§ TASK STATEMENT: The lines to extract run from the first line of the material below to the line containing "Tamaulipas.- Durante 2024, la", both included; leave the pictures behind.

§ DATA TO EXAMINE:

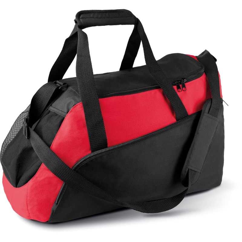 Sac de sport en polyester 600D et ripstop, 2 poignées, bandoulière ajustable, poche extérieure en filet sur le devant, grandes poches côté.
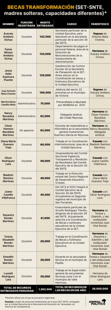 Tamaulipas.- Durante 2024, la Secretaría de Educación de Tamaulipas (SET) y la Sección 30 del SNTE desviaron 4.6 millones de pesos del programa de becas destinado a docentes con hijos con discapacidad, estudiantes y maestras jefas de familia. Gran parte de los recursos terminó en manos de integrantes de la cúpula sindical y sus familiares, muchos de ellos ‘comisionados’ que cobran salario del gobierno pero realizan labores sindicales.
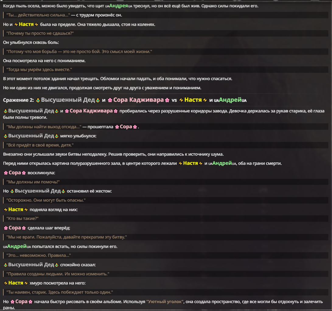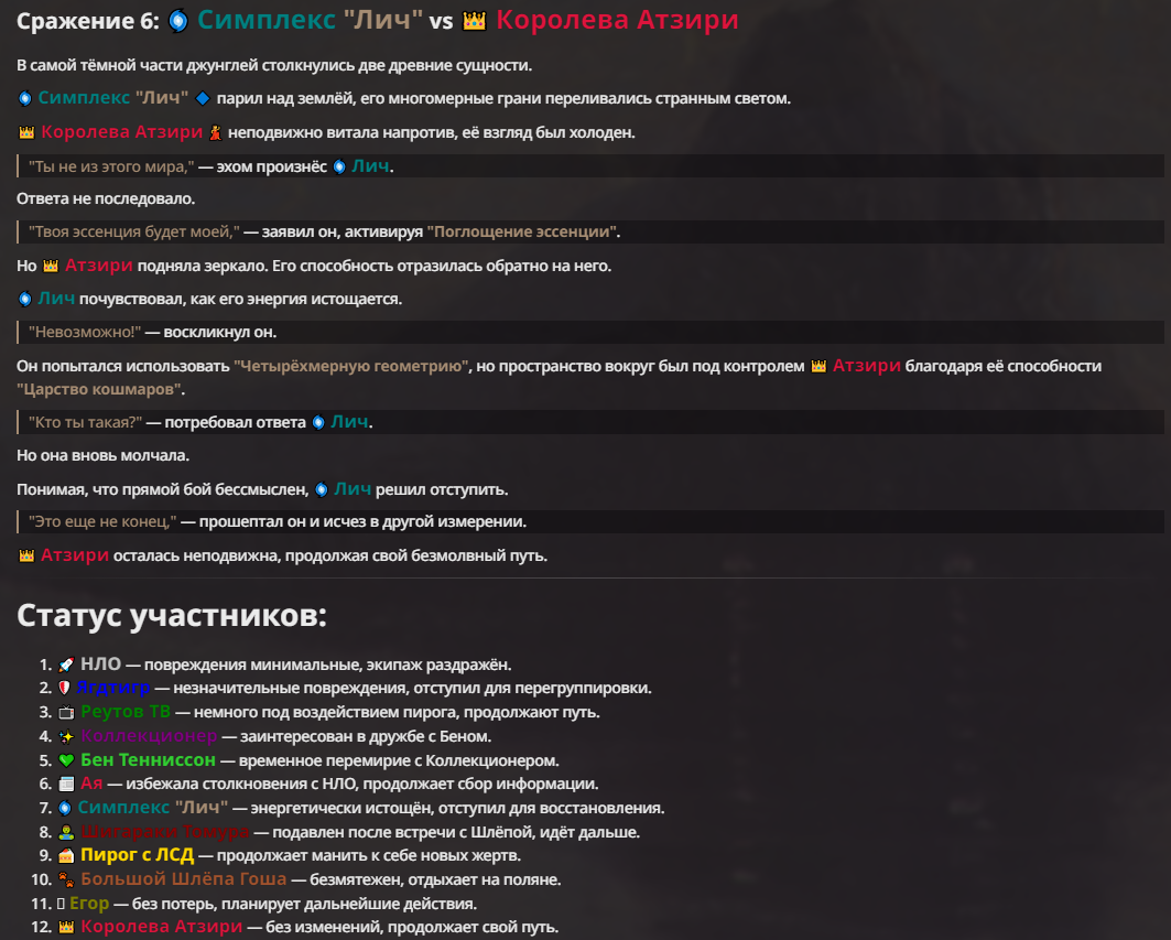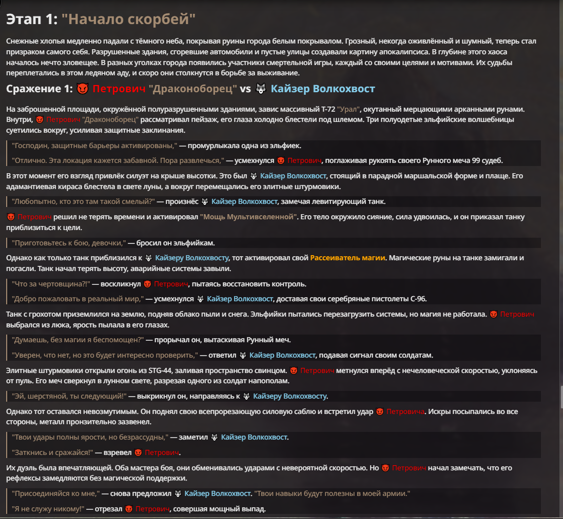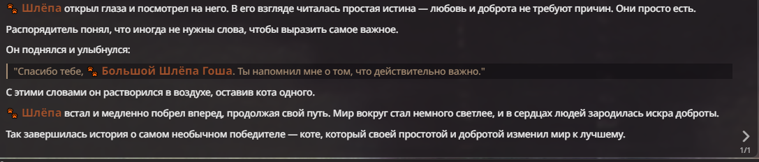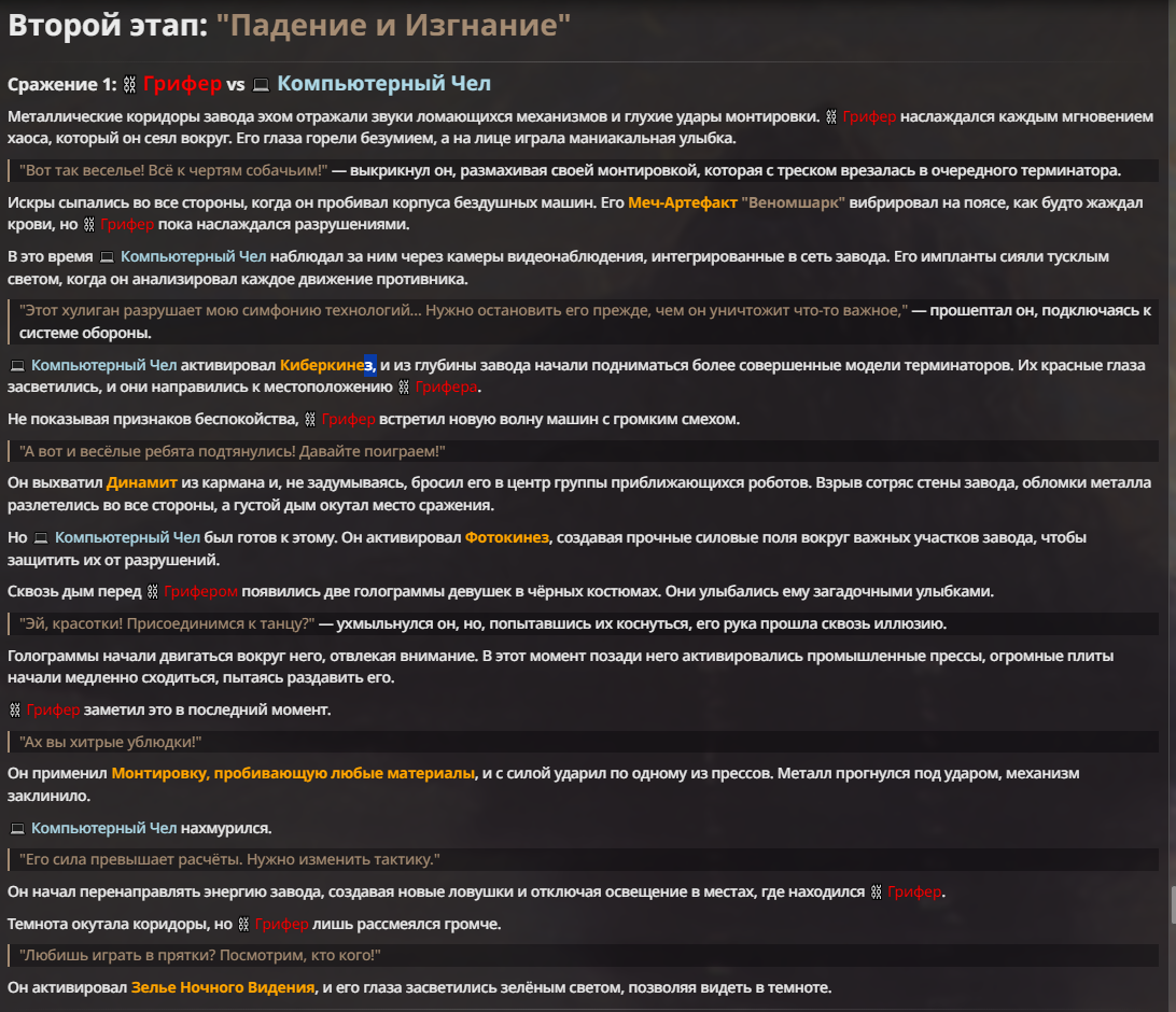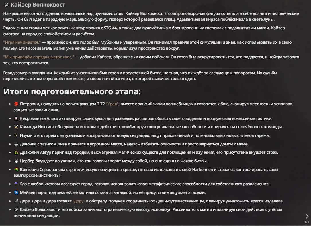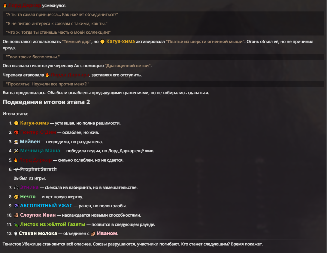 >>1560777 Чо там в правде или действие самое яркое произошло, по вашему мнению? Листок из жёлтой Газеты: Листок и любой случайный персонаж-игрок всегда появляются первыми. Листок не возможно уничтожить без выполнения особых условий. Листок не может являтся победителем во всей игре. Если на арене остаётся один персонаж и листочек, то листочек желает удачи победителю и сгорает самопроизвольно. Листок из жёлтой газеты это предмет, который в каждом новом раунде появляется в случайном месте на карте. Каждый кто его подбирает становится его носителем, если носитель не умирает в течении раунда листок телеопортируется из кармана персонажа и появляется в следующем раунде в случайном месте, и персонаж больше не является носителем. Если носитель листочка умирает листок исчезает из игры. Увидев листок любой персонаж захочет поднять его, потому что им становится интересно, что написали эти проклятые журналисты. (Персонажи не могут бороться с желанием поднять и прочитать листок без исключений). При поднятии персонаж читает заголовок и статью в стиле жёлтой прессы. Прочитать может и должен любой персонаж не завсимо от уровня интелекта и способности читать. Статья может читаться только один раз в начале каждого раунда, после чего носитель сворачивает листок и кладёт его в свой карман. Способности (заголовки на странице): "ШОКИРУЮЩАЯ ПРАВДА!"- раскрывает своему носителю любою информацию (слабости, увлечения, компрометирующие события, тайные желания) о любом только одном персонаже, даже возможно о самом носителе. "СЕГОДНЯ В СПОЙЛЕРАХ!"- Раскрывает своему носителю детали его следующей битвы и её результат. (ИИ Запоминает и генерит этому персонажу его следующему битву на основе прочитаного тут) "Кроссворды" - Носитель умиротворительно садится решать кроссворды и заёбывает каждого проходящего мимо подсказать что это за слово(задаёт вопрос намекающей на слово), если ответ не верный сидит и ждёт следующего персонажа пока ему не скажут правильный ответ. "Кринжовые анекдоты" - Носитель читает любой несмешной анекдот. "NEW+"- Носитель читает и запоминает о своей новой способности или слабости. "Смотрите какие люди в голивуде!"- Носитель читает новость о поялени на локации новых существ или людей . И они остаются на локации в качестве новых участников. "Новая Пара!"- Зачитывая эту строку Носитель объевляет двух персонажей, которые становятся союзниками на этот раунд. "СКАНДАЛЫ!ИНТРИГИ1РАСЛЕДОВАНИЯ!"- Носитель зачитывает статью компромитирующую одного любого случайного персонажа. (Описывает мерзкую, преступную, амаральную ситуацию в которой принимал участие один любой случайный персонаж). После этого все остальные персонажи хотят его скорейшим образом уничтожить, даже не попытавшись его выслушать.
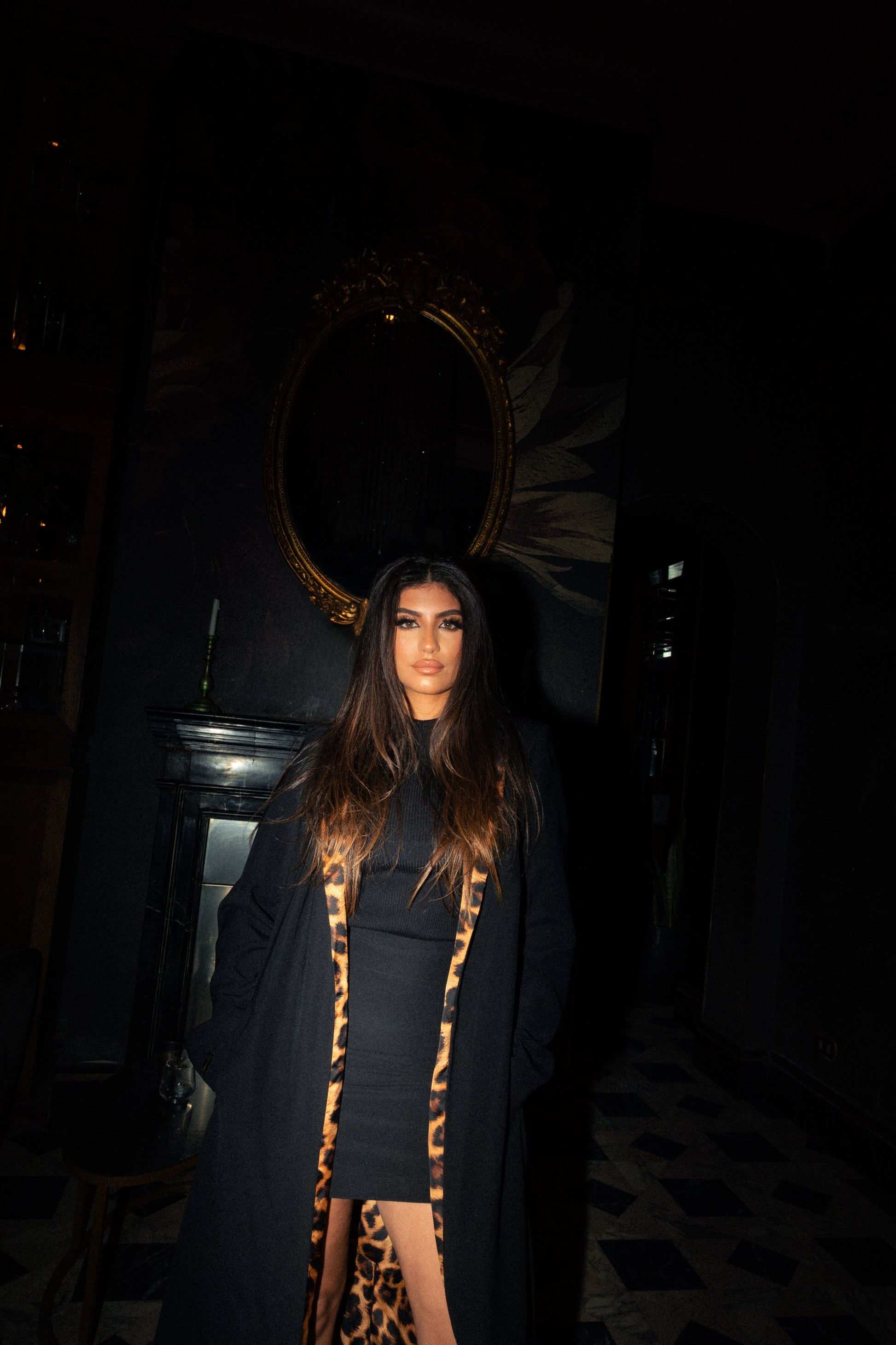 This satin lined, structured black fresco fabric coat designed to speak for itself. Followed in with clear cut shoulders and a floor-length flow, and sharp collar, the Leopard coat is an unmatched style symbol
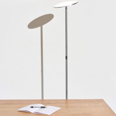 - 3-Way Dimmer and Memory Mode: The Sky complements contemporary living room decor and its body fits easily in corners. Plus, the base slides under sofas. Adjust the brightness level of this LED floor lamp with a simple touch of a button featuring three dimmer settings. The pivoting head of this tall lamp lets you angle the light for a greater illumination when desired. The standing lamp has a memory function to remember your lamp's last brightness setting and works with wall switches.
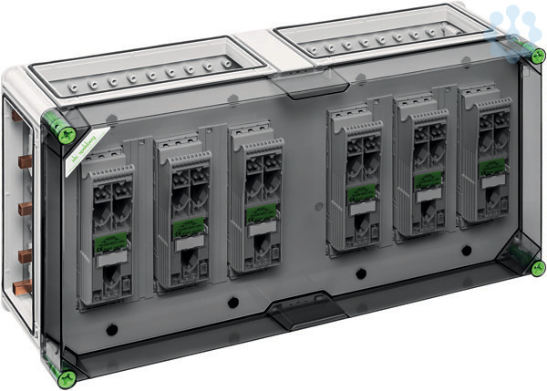 NH-Reiter-Sicherungs-Lasttrennschaltergehäuse, Industrie Qualität, 6 x NH 000-Reiter-Sicherungs-Lasttrennschalter, Fahrstuhlklemme 1,5-50mm², Abgang unten, auf Sammelschiene 5-polig, mit 5 Sammelschienenklemmen zum direkten Anschluss eines Kabels an das Sammelschienensystem, zusätzliche N- und PE-Klemme für jeden Trennschalter, 4 x Gehäuseverbinder (GGV), Sammelschienensystem 250 A, mit transparentem DeckelAbmessungen: 640 x 320 x 179mm
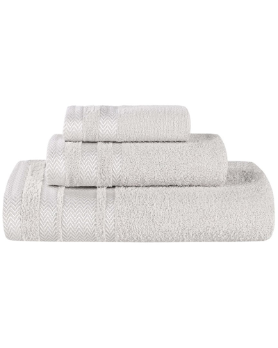 3pc Zero Twist Cotton Dobby Border Plush Soft Absorbent Towel Set In Silver
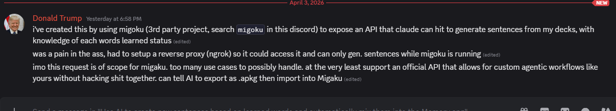 Anyone see this? Really impressed with how advance tailored made software is becoming, should help create more variety of cards and context to learn from just from already known vocabhttps://github.com/khatibomar/migoku
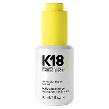 K18 Molecular Repair Hair Oil är en vårdande hårolja som motverkar frissighet, skyddar håret mot yttre påfrestningar och bidrar till att stärka och jämna ut hårstråna. Håroljan är berikad med K18Peptide, en patenterad bioaktiv peptid som hjälper till att återställa hår som skadats av värmeverktyg, UV-strålar, blekning, färgning, mekanisk påverkan, frekvent tvätt och miljöföroreningar. Den innehåller även solrosolja, squalane och hemisqualane som hjälper till att stärka hårets naturliga fuktbarriär för ökad glans och minskad frissighet, samt avokadoolja som ger ett effektivt värmeskydd upp till 230°C på torrt hår. Den vårdande formulan verkar på hårets yta och bidrar till att jämna ut fjällskiktet, mjuka upp hårstråna och kan både förebygga och behandla kluvna hårtoppar. Med en fräsch blomdoft. Passar alla hårtyper.
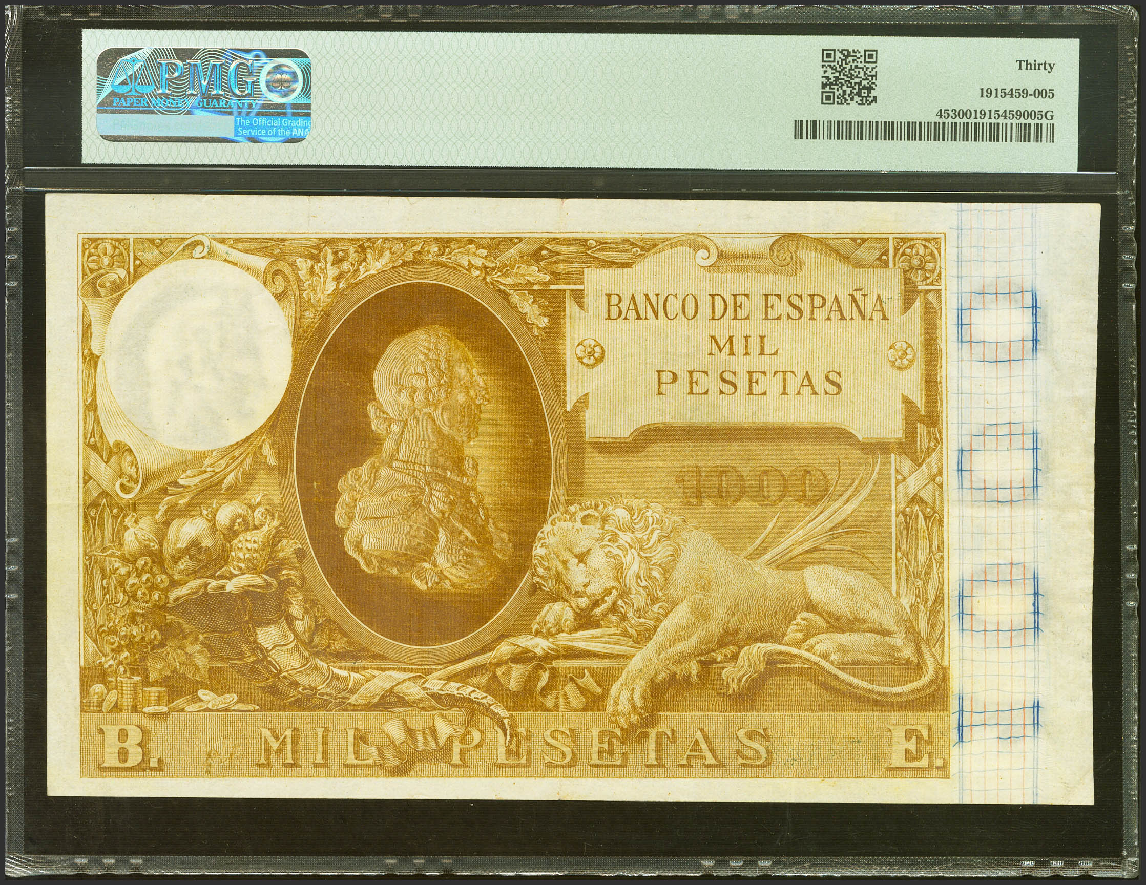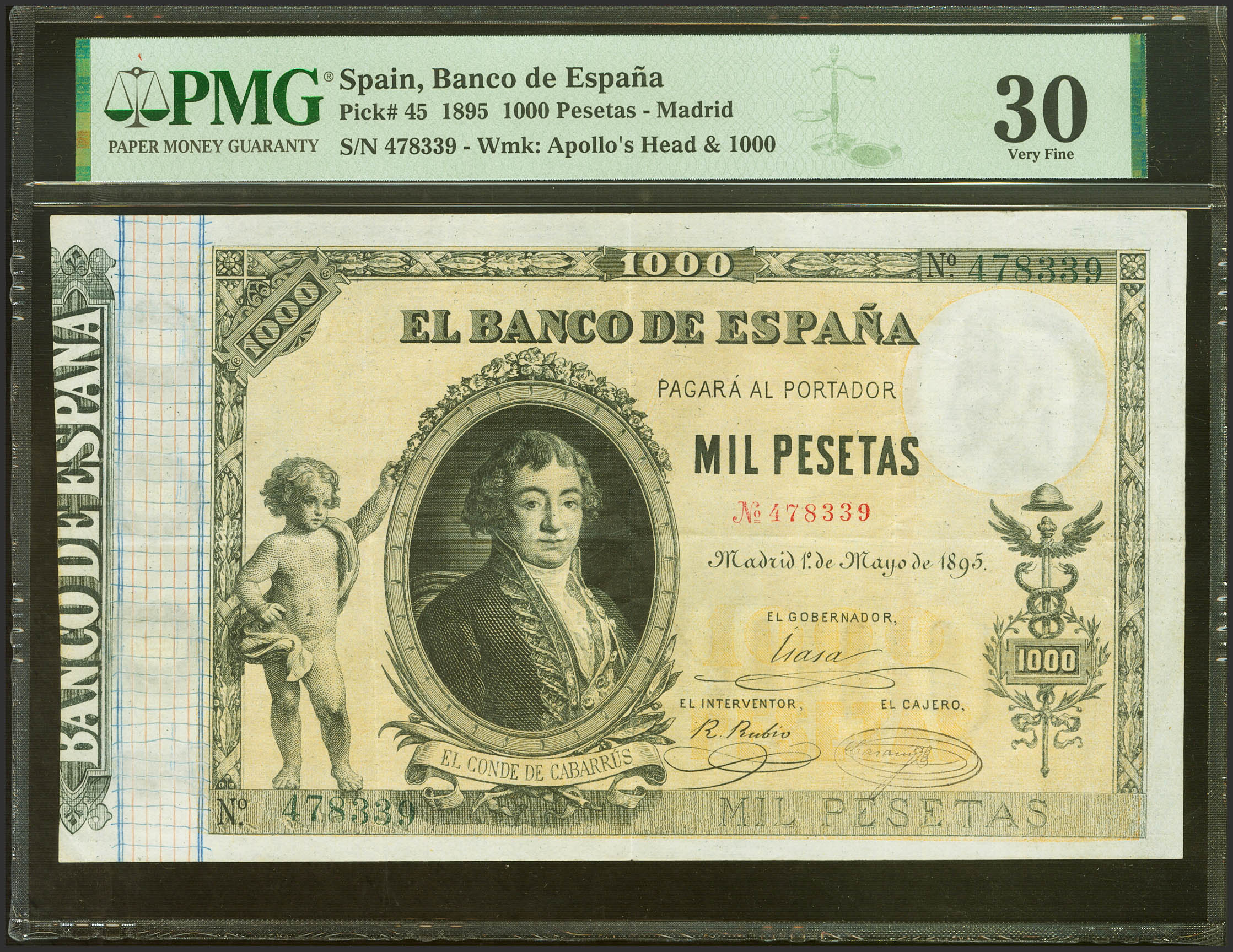 1000 Pesetas. 1 de Mayo de 1895. Sin serie. (Edifil 2021: 303, Pick: 45). Muy raro, billete de espectacular presencia, que se ve realzada por sus enormes dimensiones. MBC+. Encapsulado PMG30.

§ ANSWER SPACE:
 Sac de sport en polyester 600D et ripstop, 2 poignées, bandoulière ajustable, poche extérieure en filet sur le devant, grandes poches côté.
 Tamaulipas.- Durante 2024, la Secretaría de Educación de Tamaulipas (SET) y la Sección 30 del SNTE desviaron 4.6 millones de pesos del programa de becas destinado a docentes con hijos con discapacidad, estudiantes y maestras jefas de familia. Gran parte de los recursos terminó en manos de integrantes de la cúpula sindical y sus familiares, muchos de ellos ‘comisionados’ que cobran salario del gobierno pero realizan labores sindicales.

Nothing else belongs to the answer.